Збандут с размаху хлопнул Золотарева по плечу и кинулся к телефону. Команда механическому цеху: десять автогенщиков на первый воздухонагреватель четвертой домны; доменщикам: свернуть все ремонтные работы, готовить домну к пуску. И рапорта. В горком — Додоке: ночью, самое позднее утром доменная печь будет пущена; в Москву, Суровцеву…
Суровцев как раз проводил коллегию, по всей видимости, была она бурной, потому что откликнулся он нелюбезно.
— Что там у вас еще?
— Совмину успели доложить?
— С такими вестями спешить не приходится.
— Утром пускаем домну!
— Что-о?
— Пускаем утром домну!
Суровцев приглушил голос.
— Как это пускаете? Без трубы?
— А мы тут пришли к выводу, что труба — своего рода архитектурное излишество. Желательное, но не столь необходимое, как некоторые полагают.
— Валентин Саввич, ваше витийствование совсем не к месту. — Голос тот же. Грубоватый, внятный, приглушенный. — Объясните членораздельно.
— Э, нет, Василий Аркадьевич, на сей раз так просто не получится. Я полсуток думал, как без трубы обойтись, теперь подумайте вы. Загадка, когда знаешь разгадку, никогда не кажется сложной.
— Вы не пьяны?
— Пьянее пьяного!
Однако Суровцев шутку не принял.
— Должен напомнить, что я вышел из того возраста, когда играют в отгадайку. Юмор — вещь хорошая, но не при всех обстоятельствах.
Збандут рассказал, как решили выйти из положения, подкрепив свои соображения данными расчета, сделанного Золотаревым.

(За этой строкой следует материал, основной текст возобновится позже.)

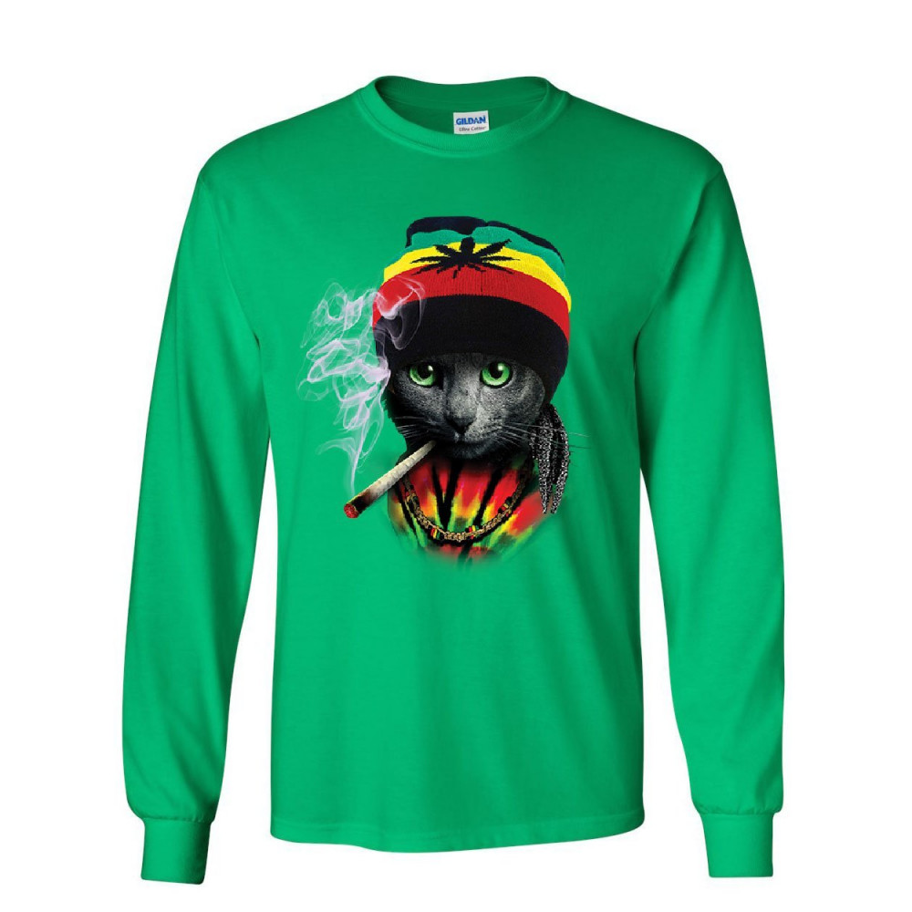 RASTA CAT long sleeve t-shirt smoking joint 420 jamaica marijuana pot weed tee green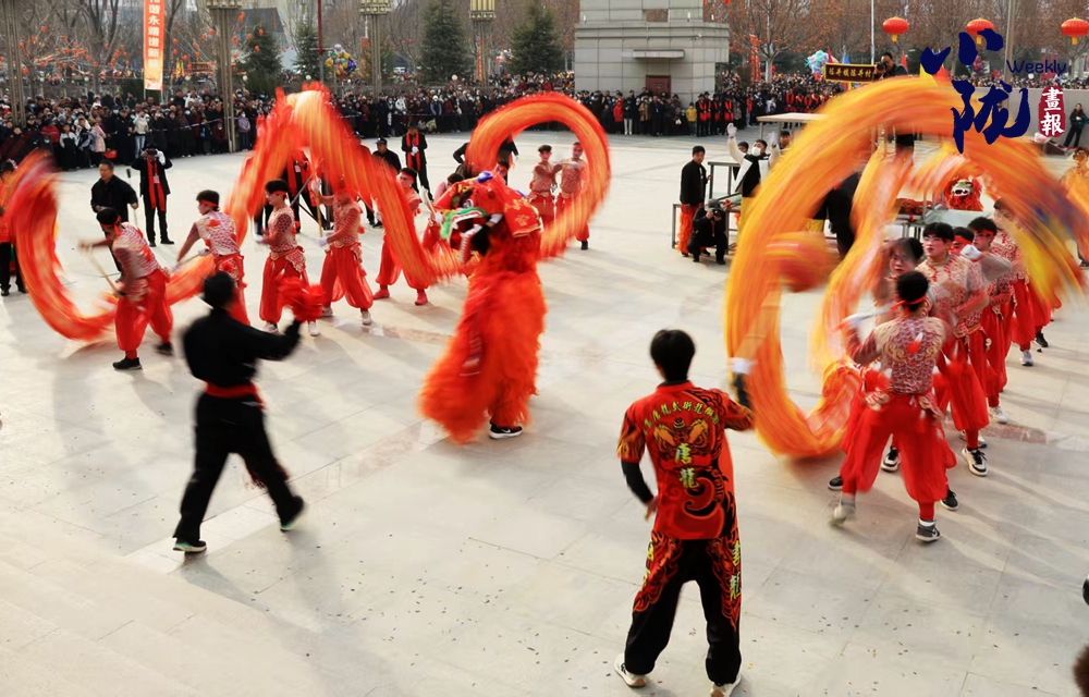 兩條金龍翻江倒海,踏著鼓點(diǎn)蜿蜒游走。舞龍的小伙子們步伐矯健,巨龍?jiān)谒麄兊氖种袝r(shí)而盤旋昂首,時(shí)而穿梭遨游,龍身隨著龍珠上下起伏,氣勢雄武遒勁。

— Ну знаете!.. — не скрыл своего восхищения Суровцев. — Такое могло прийти в голову только русскому мужику. Немец наверняка не додумался бы.
— Немец и трубу не завалил бы… — осторожно обронил Збандут.
Наташа встретилась с Катричем на троллейбусной остановке у театра. Погода была не из удачных. С неба сыпал мелкий дождь, больше похожий на туман. Сначала он никаких неприятных ощущений не доставлял, но постепенно и лицо, и одежда стали влажными, и Наташе захотелось где-то укрыться.
Катричу нельзя было отказать в умении создавать для их встреч праздничную обстановку. Он ухаживал по всем правилам. Был находчив, предупредителен, умел блеснуть щедростью. Если билеты в театр, то на лучшие места, если цветы, то самые роскошные, если ресторан, то блюда наиболее изысканные. Но сегодня он надумал приступить к решительным действиям. И когда Наташа заскулила насчет погоды, которая не располагала к фланированию по улице, Катрич предложил зайти к нему домой.
— О, нет, Фима, этого не произойдет. — Спокойные, как заводь, глаза Наташи диковато блеснули.
Катрич что называется оторопел. Он мало рассчитывал на согласие, но никак не ожидал получить отповедь, да еще в такой резкой форме. Он был уверен, что сделал все, чтобы расположить к себе эту недотрогу, чувствовал, что не безразличен ей, и вдруг — на тебе!
Скорчив обиженную мину, он самым невинным тоном проговорил:
— Посидим, магнитофонные записи послушаем. У меня лучшая коллекция в городе. Или ты что, боишься?
Наташа молчала.
— Глупенькая. Это же ты… — Катрич наклонился к Наташе, коснулся губами ее уха.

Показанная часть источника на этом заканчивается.